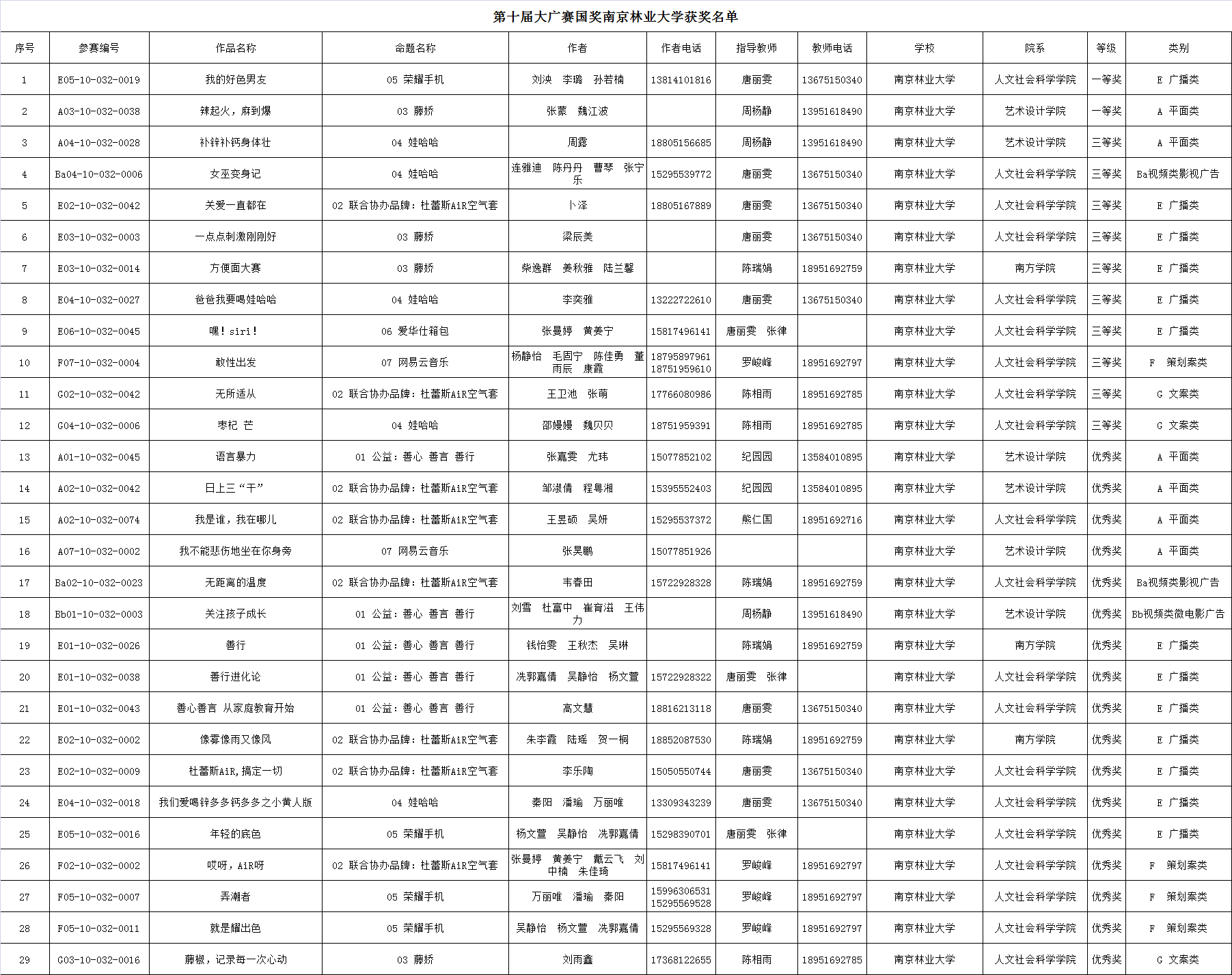 附:第十届全国大学生广告艺术大赛全国等级奖我校获奖名单
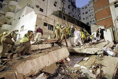 El edificio, que tenía 30 años, se desplomó ayer sobre la acera después de que se declarara un incendio en uno de los inmuebles aledaños. El hotel, situado en la calle Al Ghazal, se encuentra a 60 metros de los muros de la Gran Mezquita de La Meca y estaba siendo utilizado por numerosos peregrinos desplazados desde otros países para la peregrinación anual. Entre los muertos podría haber personas de Túnez y Argelia, según la Media Luna Roja Saudí.
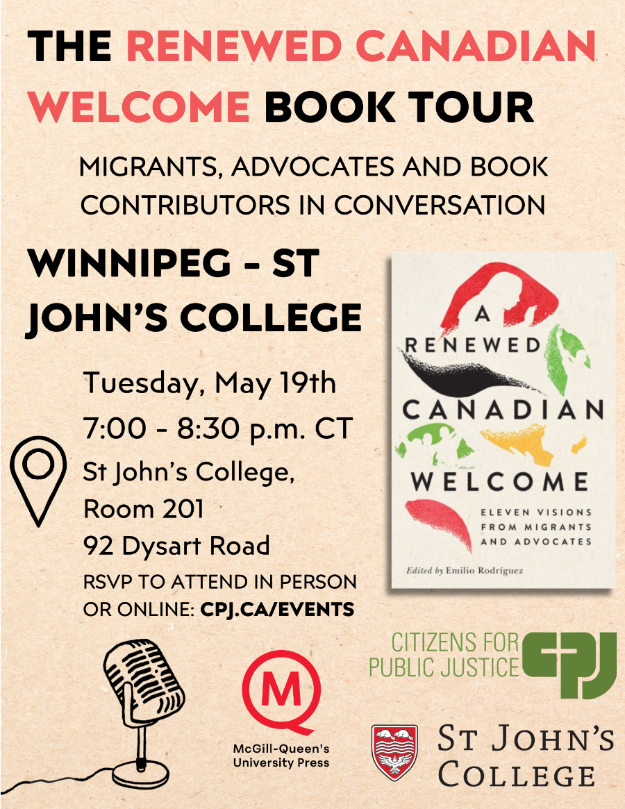 Join us for the launch of an exciting new book on migrant justice out this spring with McGill-Queen's University Press. St John’s is pleased to partner with Citizens for Public Justice (CPJ) to host this conversation. If your church engages in refugee ministry or is just interested in being a better community partner for new immigrants, you won’t want to miss this. This event is in person and will also be livestreamed.
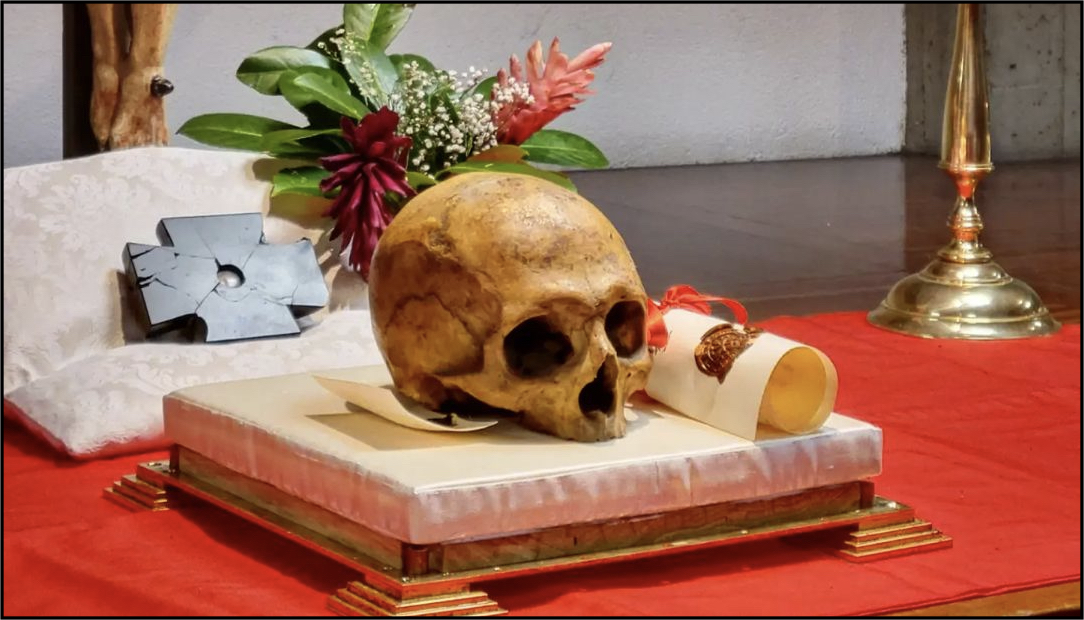The skull of St. Thomas Aquinas on display at the Dominican convent of Toulouse, France, in preparation to celebrate the 700th anniversary of the Angelic Doctor’s canonization.
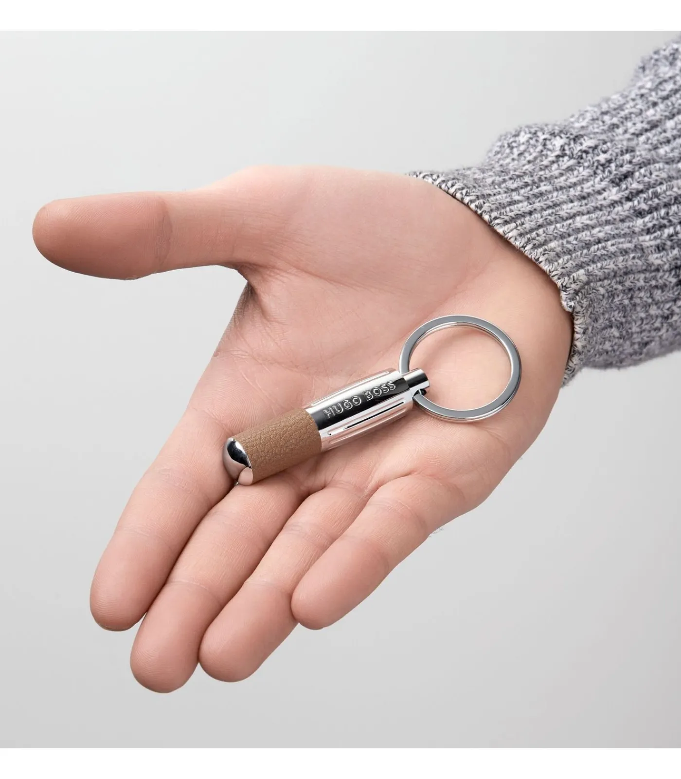 The ‘Pure Iconic’ keyring is a re–edition of our best–selling Pure keyring, combining crisp chrome metal with grained camel textures (PU). Playful oversized stripes and an unexpected logo placement add the final touch to this beautiful accessory. Dimensions: DIA.14.4 x 90/RING:32 mm, Material: 90% Chrome plating,10% Polyurethane
▬▬▬▬▬▬▬▬▬▬
# [Work instruction]
Leave out any pictures, please, and quote only the lines from the top of the data through the line that contains "El edificio, que".

# [Response]
 附:第十届全国大学生广告艺术大赛全国等级奖我校获奖名单
 El edificio, que tenía 30 años, se desplomó ayer sobre la acera después de que se declarara un incendio en uno de los inmuebles aledaños. El hotel, situado en la calle Al Ghazal, se encuentra a 60 metros de los muros de la Gran Mezquita de La Meca y estaba siendo utilizado por numerosos peregrinos desplazados desde otros países para la peregrinación anual. Entre los muertos podría haber personas de Túnez y Argelia, según la Media Luna Roja Saudí.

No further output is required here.